Pudhu Pudhu Arthangal () is an Indian Tamil-language family television drama that airs on Zee Tamil and streams on ZEE5. The series premiered on 22 March 2021 and starring actress Devayani and actor Abhishek Shankar with VJ Parvathy in the lead roles. It is an official remake of Zee Marathi series Aggabai Sasubai. The series ended on 20 November 2022 with 536 episodes.

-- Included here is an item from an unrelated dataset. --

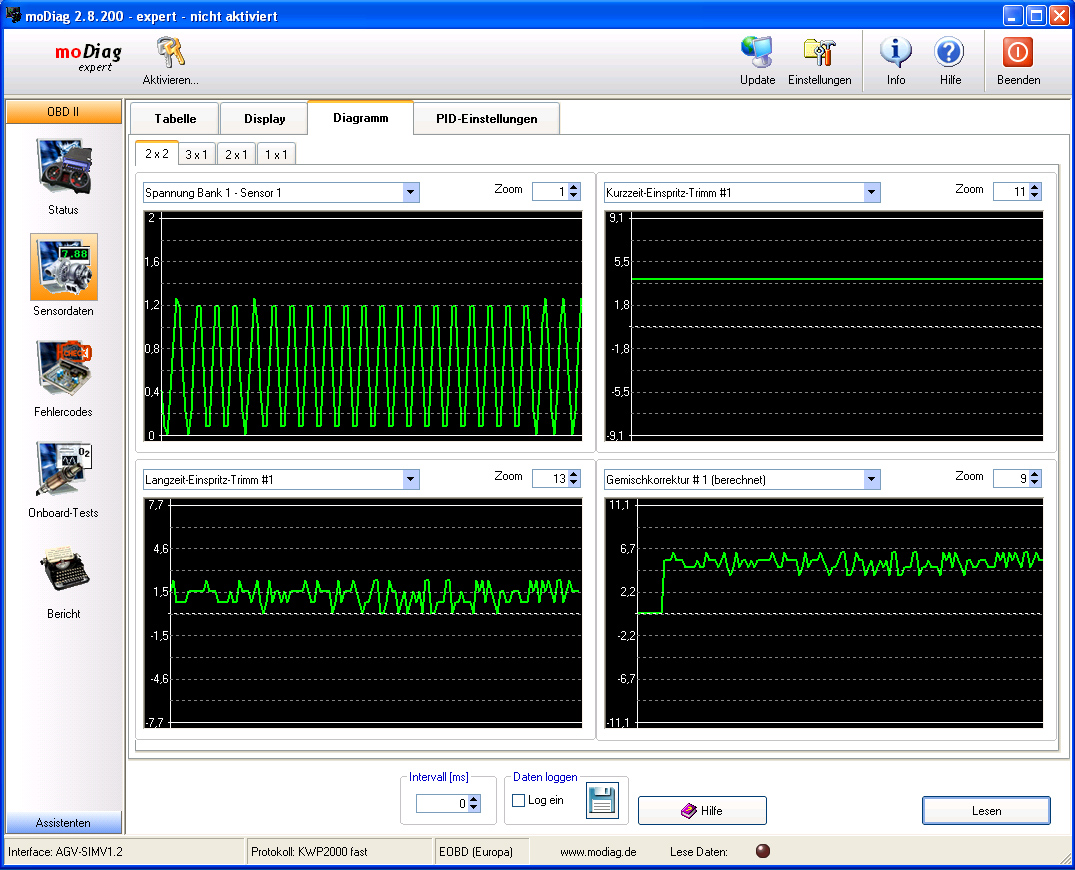 Mit moDiag expert können Sie die Livedaten des Fahrzeugs nicht nur visualisieren, sondern auch als CSV-Datei aufzeichnen und später mit einer Tabellenkalkulation auswerten.

This is a story that focuses on life of woman "Lakshmi". Lakshmi is a widow, she takes care of her family and faces all life issues with peace. She raised her son "Santhosh" and also takes care of her father-in-law "Thiruvenkadam"  but she always pays less attention to herself while loving everyone else except herself. After the marriage of Santhosh, the show focuses on how Lakshmi's daughter in law "Pavithra" strives to bring a little joy in Lakshmi's life. Now Santhosh and Pavithra tries to get Lakshmi to remarried with Hari Krishnan, (Lakshmi's favorite chef).

Plot
Lakshmi, a widow who lives in "Sneha Apartment", takes care of her family and faces all life issues with peace. She raised her son Santhosh as a single mother and also takes care of her father-in-law Thiruvenkadam. She always pays less attention to herself while loving everyone else except herself. After the marriage of Santhosh with Pavithra, they go to a restaurant and finish their meals. The hotel is owned by Hari Krishnan, a renowned chef . He notices Lakshmi and falls for her. Lakshmi's daughter-in-law Pavithra strives to bring some joy in Lakshmi's life.  The family often visit him and become very close. Hari loves puliyodorai (tamarind rice) in a temple was the prasaadam cooked by a woman (not knowing that is Lakshmi) he wishes to find out that woman. One day he finds Lakshmi cooked puliyodorai in the temple every Friday and his love for Lakshmi increases. Days go on until Prathiba, a cunning lady who is in the next floor of Lakshmi and dislikes Lakshmi and humiliates her every time, ensuring that Lakshmi doesn't live happily. Hari Krishnan insists on making pumpkin cake from Lakshmi but she denies because of Kutty (Santhosh). Prathiba enters and tells that she had made the pumpkin cake. The next day she gets Hari's number from Lakshmi and calls him. A delighted Prathiba asks her friends to come to her home, but she fails to make the cake. Lakshmi, however, makes the cake. Hari thanks Lakshmi, which irritates Prathiba. She uses Santhosh as a weapon against Lakshmi & Hari. He dislikes Hari and confronts Lakshmi. Hari Krishnan doesn't like Santhosh's behavior and humiliates Santhosh in front of his colleagues. This irritates him very much and he confronts Lakshmi.

Few months later

In Sneha's apartment, Hari Krishnan moves in as a tenant because his restaurant had been closed due to Santhosh. This irritates Santhosh very much and he doesn't speak to Lakshmi. Hari Krishnan gets an order, but he rejects the order since he doesn't have a large kitchen and enough of vessels. But Lakshmi suggests getting the help of other flatmates, which leads to the order being successful. Then, Hari Krishnan cooks in a television show that they going to shoot in apartment parking area. This irritates Santhosh. He complaints to municipality corporation, but Pavithra clears the matter and helps the team. Santhosh thinks that Lakshmi had cleared the issue and quarrels with her. The election for secretary election is going to start. One week before the election, they need nominees. Prathiba stands for election. Pavithra tells Lakshmi to stand for election and Lakshmi stands. This irritates Prathiba. She uses Santhosh again. He confronts Lakshmi to not stand in upcoming election, but Pavithra saves Lakshmi. Pavithra cheers on Lakshmi. A frustrated Prathiba plans to swap the election boxes after election is over. But Maddy (Hari Krishnan's personal secretary) finds out and records their conversation and shows it to Hari.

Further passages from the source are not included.